---------- Source material
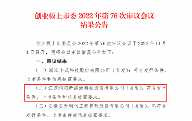 11月3日,深圳證券交易所創(chuàng)業(yè)板上市委員會(huì)發(fā)布公告稱,江蘇潤(rùn)陽(yáng)新能源科技股份有限公司的首次公開(kāi)發(fā)行股票申請(qǐng)符合發(fā)行條件、上市條件和信息披露要求。
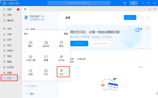 2、会议结束后我们打开软件界面的【更多】——【闪记】。
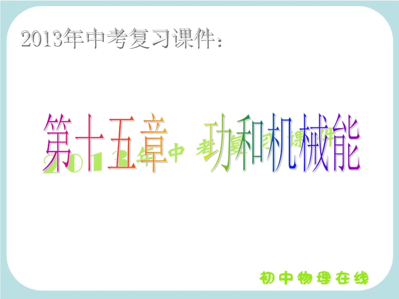 【内容简介】2013年中考复习课件:《第十五章 功和机械能》精品复习课件,课件2013年中考复习而制作,课件共54张幻灯片,课件首先引导学生系统地复习巩固了功、功率、动能和势能等机械能相关知识点,课件在精选中考试题的练习基础上组织学生复习,引导学生将知识与应用相结合。
--------------------
*Exercise goal*. If a picture falls within the lines from the one containing "2、会议结束后我们打开软件界面的【更多】——【闪记】。" through the end of the material, leave it out while repeating those lines exactly.

*Response box*.
 2、会议结束后我们打开软件界面的【更多】——【闪记】。
 【内容简介】2013年中考复习课件:《第十五章 功和机械能》精品复习课件,课件2013年中考复习而制作,课件共54张幻灯片,课件首先引导学生系统地复习巩固了功、功率、动能和势能等机械能相关知识点,课件在精选中考试题的练习基础上组织学生复习,引导学生将知识与应用相结合。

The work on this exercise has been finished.